Secondly, it creates waste, which TPS tries to avoid. By not addressing the defect additional labor, time, floor space, and material handling will have to be used. Finally, it does not allow TMM to utilize its human infrastructure to solve the exposed problem promptly so that it does not reoccur. It takes away the focus, responsibility and ownership of those producing the defective product and pushes it on someone else to fix the problem. (3) What are the underlying causes of the problems facing Doug Friesen?
Deviation from TPS methodology with seat defects – As outlined in question 2, but not adhering to the Jidoka and TPS methods for handling defects, an environment has been created which emphasizes the importance of production more than quality and the elimination of waste. Potential training issue with new team members on rotation – There may be a correlation between new team member training and the seat defects, especially the broken seat bolsters (which have been identified as being an internal problem).
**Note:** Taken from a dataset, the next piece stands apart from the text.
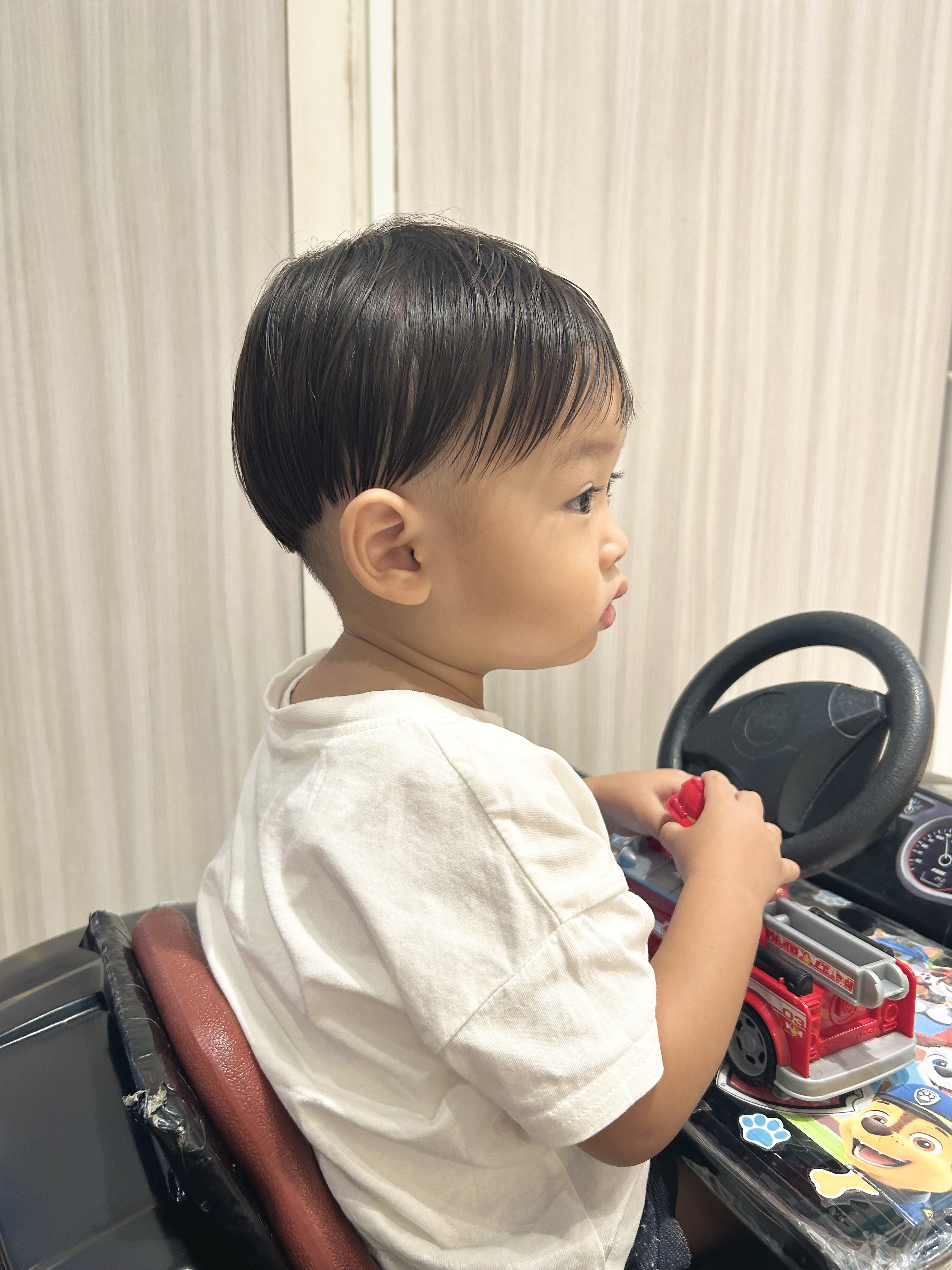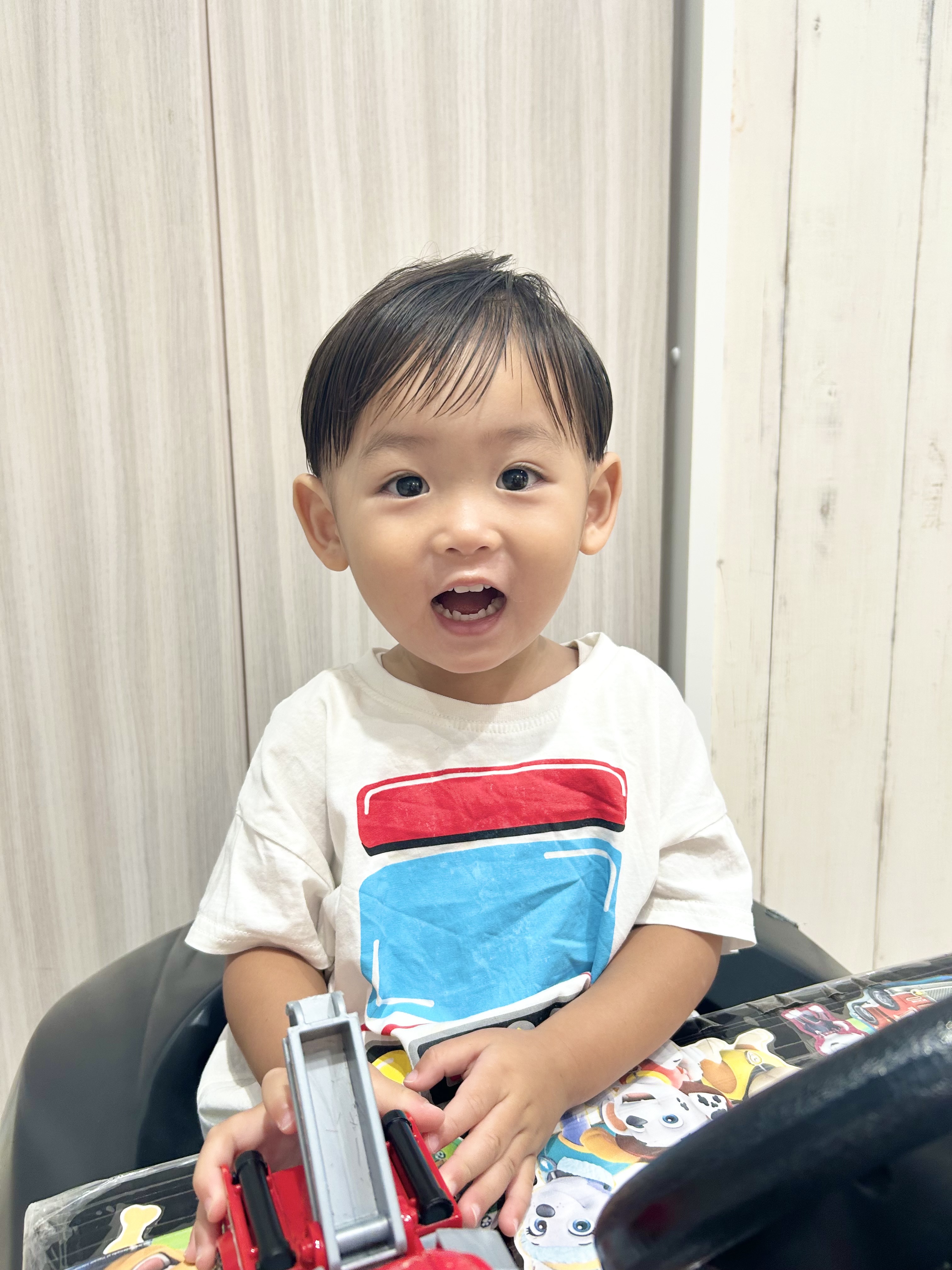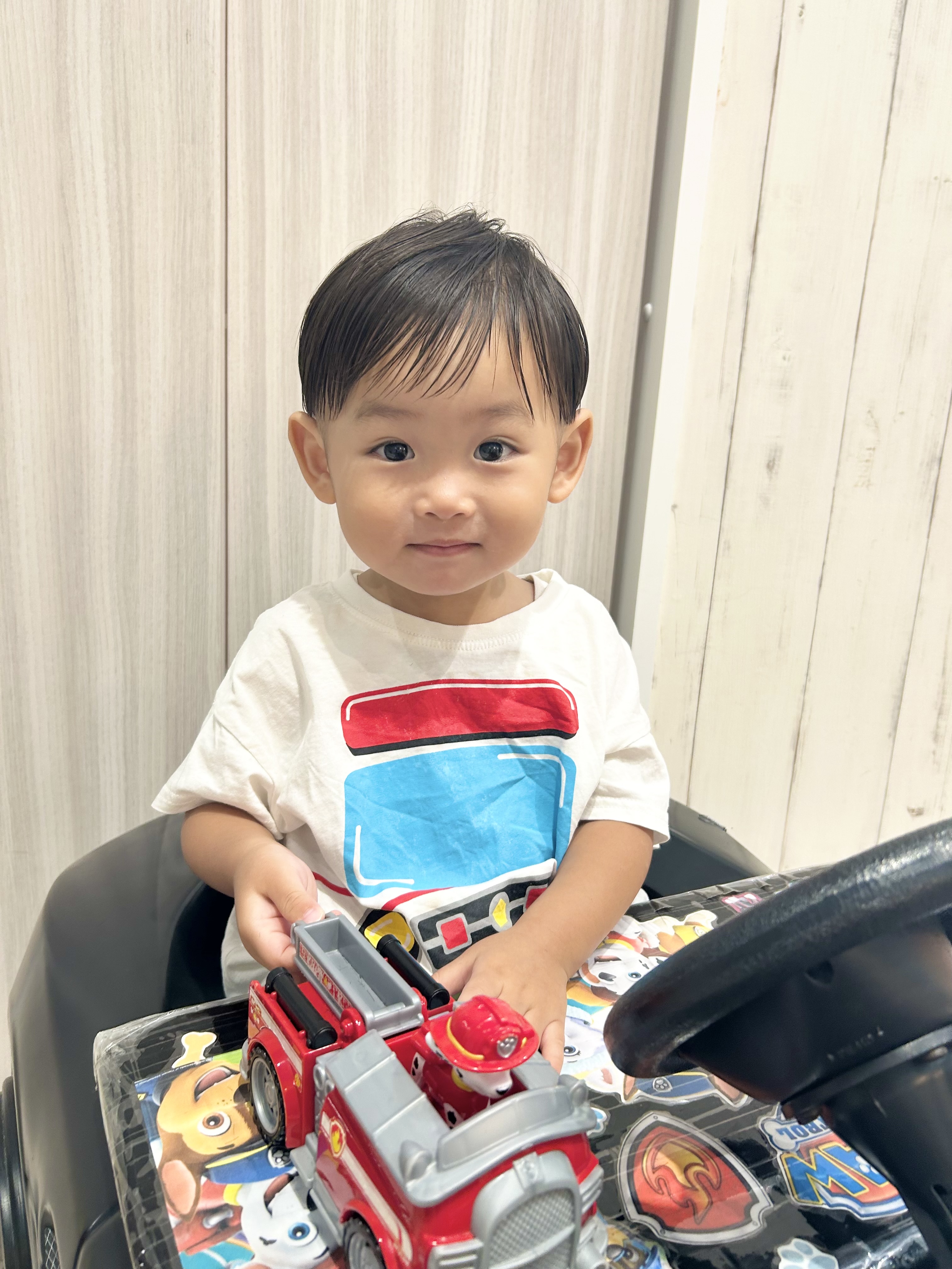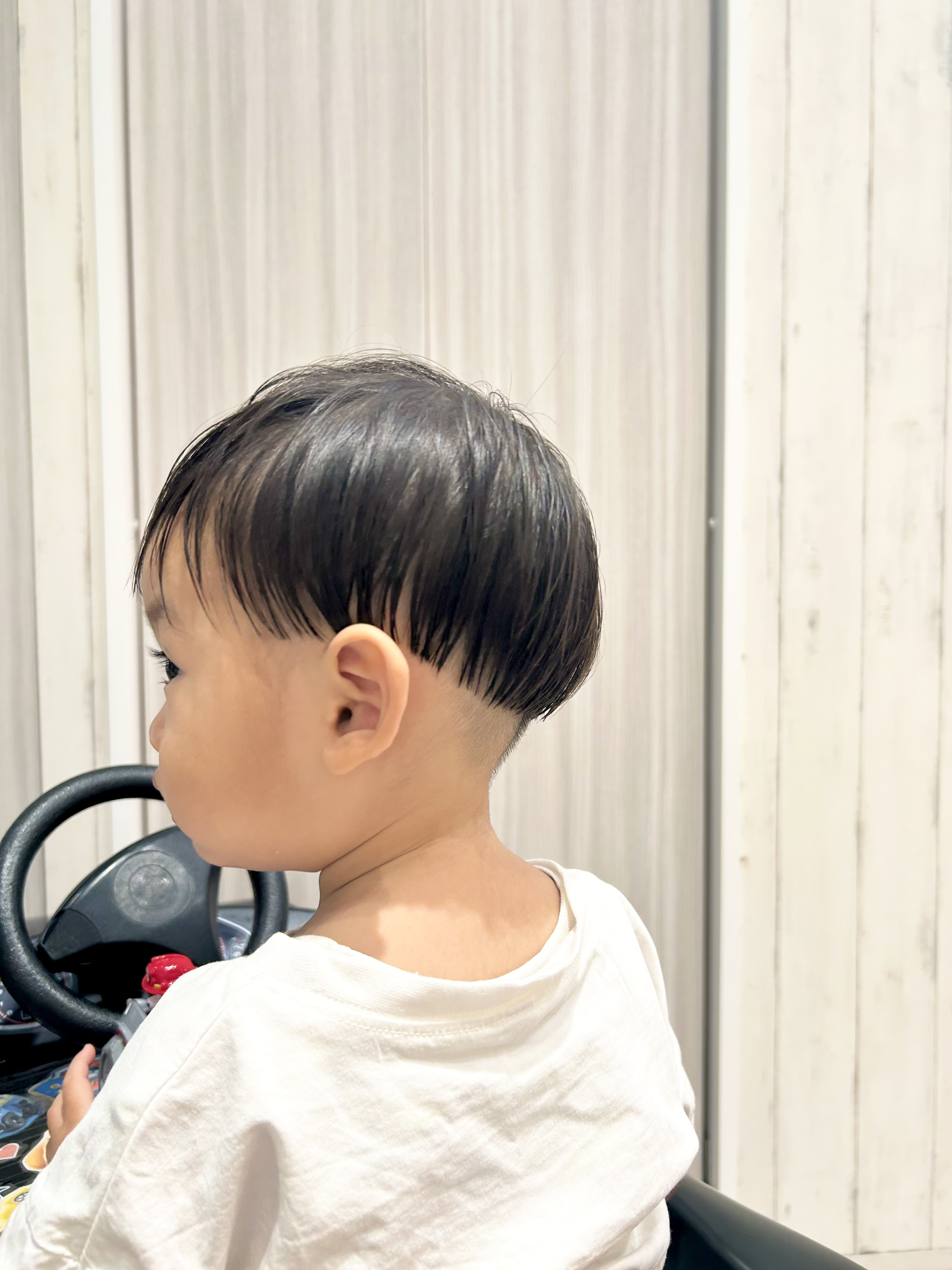 👦かがみくん👦 2歳✌︎ このスタイルからは想像もつかないくらいの長さから、ばっさりカットのかがみくん⭐︎ 中はガッツリ刈り上げたけど、丸い可愛らしさも残した【キュートツーブロ】❤︎ パパママお姉ちゃんお兄ちゃんに見守られながらのカットでした✂︎✂︎✂︎心配をよそに、バリカンも、ハサミでチョキチョキもへっちゃら!!!あっという間に変身できちゃったね✌︎すごーい!!! 最後はみんなでパチリ📷✨撮影のご協力ありがとうございました☺︎

Rapid introduction of multiple car models / options – The recent introduction of multiple models with multiple options into the very complicated seat sequencing process may be an underlying contributor to the defects. Additional planning and trial preparation will need to be implemented to address damage and sequencing issues. Complacency of single source seat supplier – KFS is sourced as the sole supplier of seats, which is a departure from how TMC typically operates. This single source mentality may create an environment of complacency which is contributing to the lack of attention being given to solving the defects.